→ The data:
· · · · · · ·

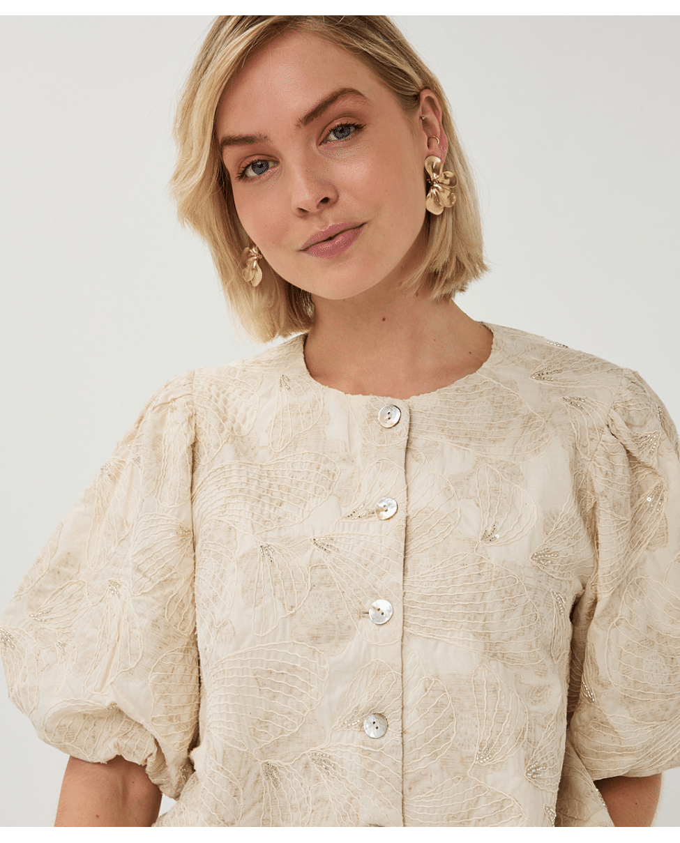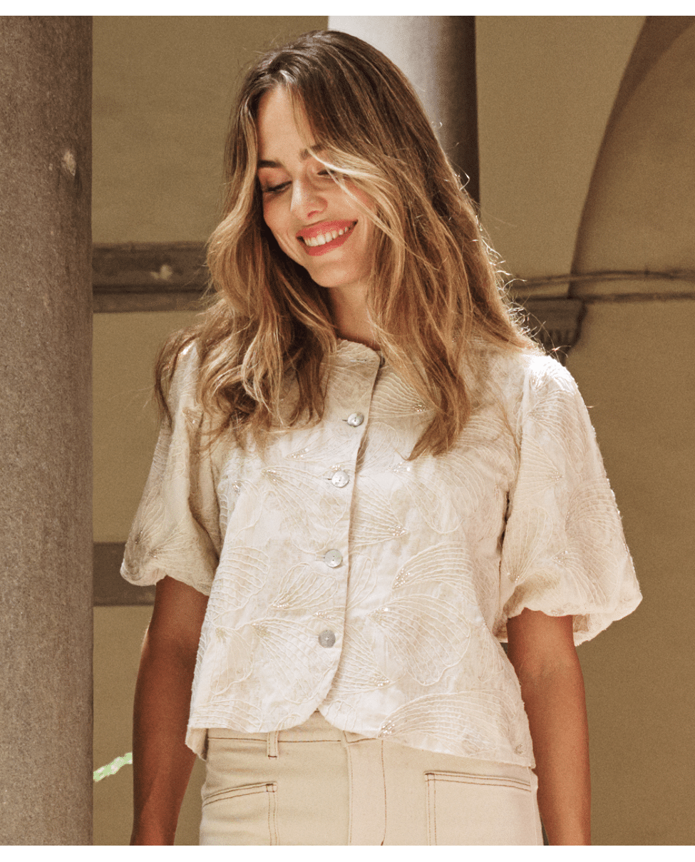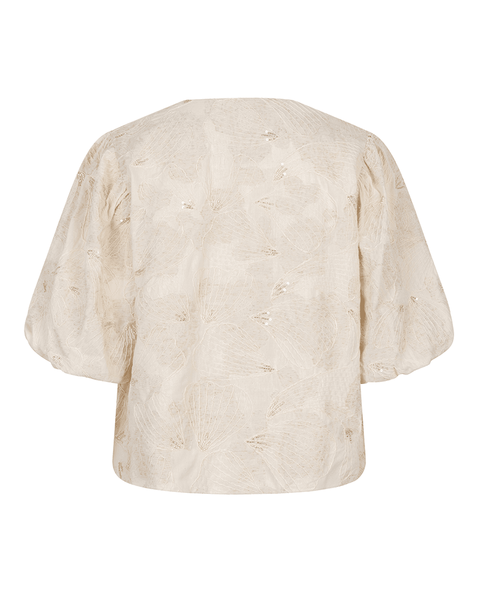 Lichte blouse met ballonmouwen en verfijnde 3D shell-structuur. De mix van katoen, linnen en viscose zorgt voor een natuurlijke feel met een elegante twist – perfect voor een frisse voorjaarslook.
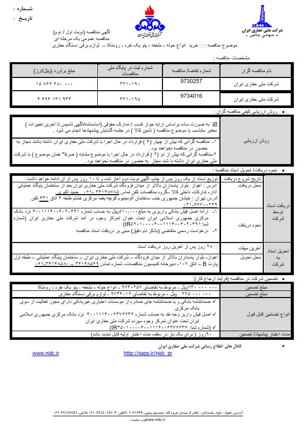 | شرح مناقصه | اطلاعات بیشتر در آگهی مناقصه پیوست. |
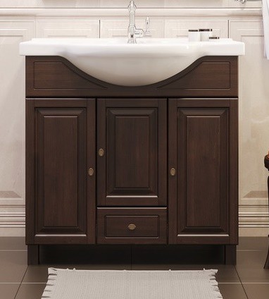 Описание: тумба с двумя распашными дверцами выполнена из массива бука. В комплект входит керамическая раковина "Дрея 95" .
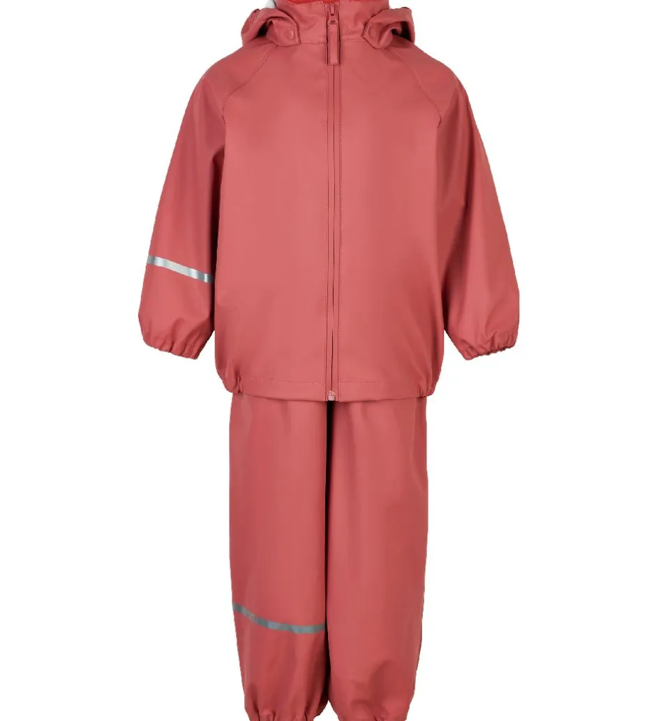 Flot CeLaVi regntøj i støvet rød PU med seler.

· · · · · · ·

→ Problem:
Leave out every picture and write out exactly the lines running from the line containing "Описание: тумба с" to the end of the listing above.

→ Answer box:
 Описание: тумба с двумя распашными дверцами выполнена из массива бука. В комплект входит керамическая раковина "Дрея 95" .
 Flot CeLaVi regntøj i støvet rød PU med seler.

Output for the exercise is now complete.